AAMI presented a webinar on May 4, 2020 in which representatives from 3M, Steris, ASP, Sterilucent, and Battelle discussed the CDC strategies for N95 use and Emergency Use Authorizations (EUAs) granted by the FDA regarding the decontamination of N95 respirators. The presentation was based on US regulations as they stand in May 2020.

The speaker from 3M discussed the hierarchy of strategies the CDC outlines with respect to the way respirators are used.
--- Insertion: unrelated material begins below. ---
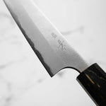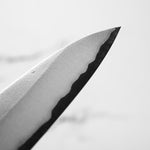 Japanese White Steel #2, a traditional high-carbon steel, is cherished for its purity and fine grain structure, enabling razor-sharp edges, at the cost of being reactive. It is one of the easiest steels to sharpen, but cannot be left wet for even short periods otherwise rust spots can occur. If you’re fastidious in your knife maintenance, this knife steel can be extremely rewarding to use.
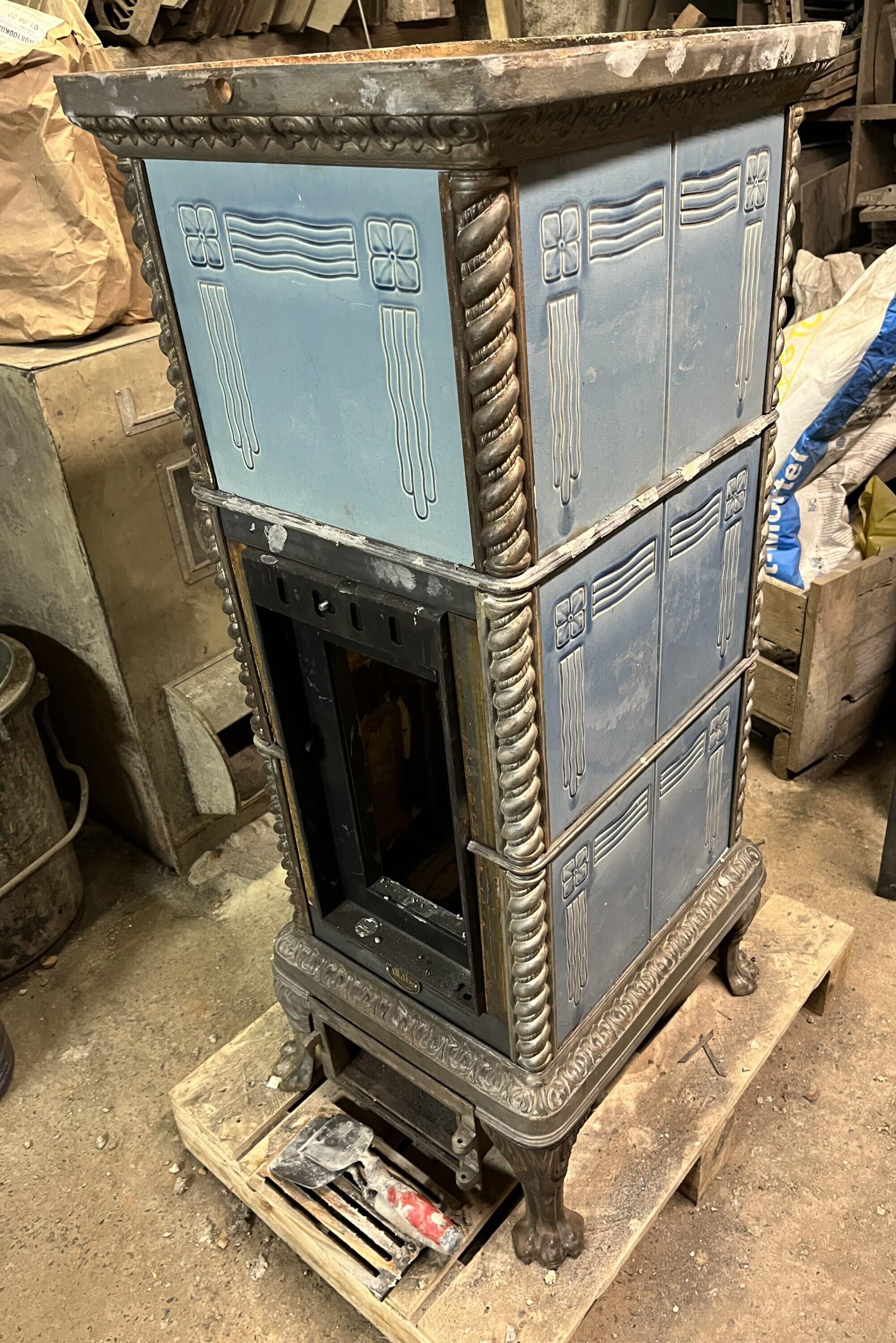 Jedes der Einzelstücke wird zum Neuaufbau vollständig in seine Einzelteile zerlegt. Die gusseisernen Teile und Kacheln werden bestmöglich aufgearbeitet und der gesamte Ofen wieder neu errichtet. Die Außenhülle des Kachelofens wird weitgehend erhalten und stabilisiert, sodass altersgemäße Gebrauchsspuren durchaus sichtbar bleiben dürfen, die volle Funktion aber gewährleistet ist. Keramik-Kacheln werden repariert und retuschiert, nicht aber aufwändig erneuert. Sollte einmal ein gusseisernes Teil irreparabel kaputt sein, so findet sich oft ein passendes Teil im Ersatzteillager, welches nach über 40 Jahren des Sammelns und Aufbewahrens gut gefüllt ist.

The hierarchy is as follows: use of other respirator types, extended use of N95s (not discarding after every use), N95 use past their shelf life, placement in a breathable bag and allowed to sit for five days before reusing, and lastly, decontamination of N95s. The first strategy falls under the tier of “conventional capacity” (everyday use), the second strategy falls under the tier of “contingency capacity” (expected shortage), and the three final strategies fall under “crisis capacity” (known shortage). Although the CDC emphasizes that decontamination of N95s should be the last resort, the COVID-19 pandemic has induced an incessant demand and a shortage, introducing the need for decontamination. The most promising decontamination methods are vaporized hydrogen peroxide, ultraviolet germicidal irradiation, and moist heat. The 3M representative discussed that it should be the manufacturers that determine which method should be used with their specific manufactured N95, and that there are four factors that determine if a certain decontamination method works: efficacy (the method must inactivate the virus), safety (safe for the wearer), filtration (method must not damage filtration), and fit (must maintain sealing ability). Based on these four factors, 3M has determined four methods to be effective: the three methods listed above, vaporized hydrogen peroxide, ultraviolet germicidal irradiation, and moist heat, in addition to environmental vaporized hydrogen peroxide. They have determined two possibly suitable methods: microwave-generated steam and liquid hydrogen peroxide, and have recommended AGAINST eight methods: autoclaving, dry heat, isopropyl alcohol, soap, dry microwave irradiation, chlorine bleach, disinfectant wipes, and ethylene oxide.

The webinar continued with representatives from Steris, ASP, Sterilucent, and Battelle, companies specializing in sterilization who have received EUA from the FDA. Each representative addressed what their approaches have been and continue to be during the COVID-19 pandemic.